* _WORK TASK_: Give back exactly the stretch of data below from the line holding "V správe sa" through the line holding "Tres han sido", both ends included, and leave the remaining lines out.

* _DATA SHOWN_:
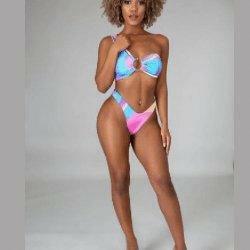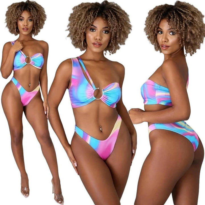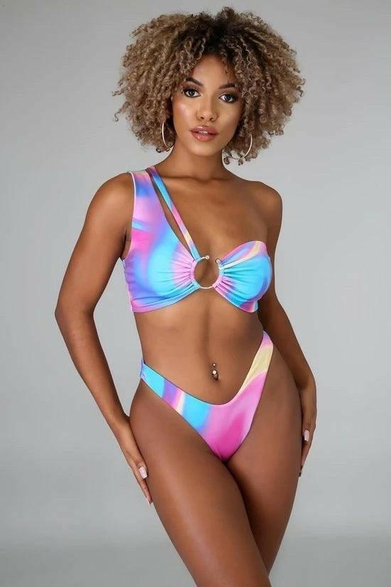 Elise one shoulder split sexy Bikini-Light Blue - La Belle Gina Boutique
* * *
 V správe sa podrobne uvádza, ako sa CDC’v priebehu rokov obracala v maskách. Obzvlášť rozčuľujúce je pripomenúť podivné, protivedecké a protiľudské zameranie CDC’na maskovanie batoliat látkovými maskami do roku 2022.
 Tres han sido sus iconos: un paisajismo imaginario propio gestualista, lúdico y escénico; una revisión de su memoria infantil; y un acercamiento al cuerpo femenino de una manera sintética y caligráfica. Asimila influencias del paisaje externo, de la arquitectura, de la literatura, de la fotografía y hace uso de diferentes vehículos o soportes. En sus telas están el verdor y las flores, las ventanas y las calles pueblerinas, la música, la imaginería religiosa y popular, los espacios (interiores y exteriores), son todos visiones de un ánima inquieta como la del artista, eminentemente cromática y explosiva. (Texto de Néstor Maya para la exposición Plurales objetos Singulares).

* _TASK OUTPUT_:
 V správe sa podrobne uvádza, ako sa CDC’v priebehu rokov obracala v maskách. Obzvlášť rozčuľujúce je pripomenúť podivné, protivedecké a protiľudské zameranie CDC’na maskovanie batoliat látkovými maskami do roku 2022.
 Tres han sido sus iconos: un paisajismo imaginario propio gestualista, lúdico y escénico; una revisión de su memoria infantil; y un acercamiento al cuerpo femenino de una manera sintética y caligráfica. Asimila influencias del paisaje externo, de la arquitectura, de la literatura, de la fotografía y hace uso de diferentes vehículos o soportes. En sus telas están el verdor y las flores, las ventanas y las calles pueblerinas, la música, la imaginería religiosa y popular, los espacios (interiores y exteriores), son todos visiones de un ánima inquieta como la del artista, eminentemente cromática y explosiva. (Texto de Néstor Maya para la exposición Plurales objetos Singulares).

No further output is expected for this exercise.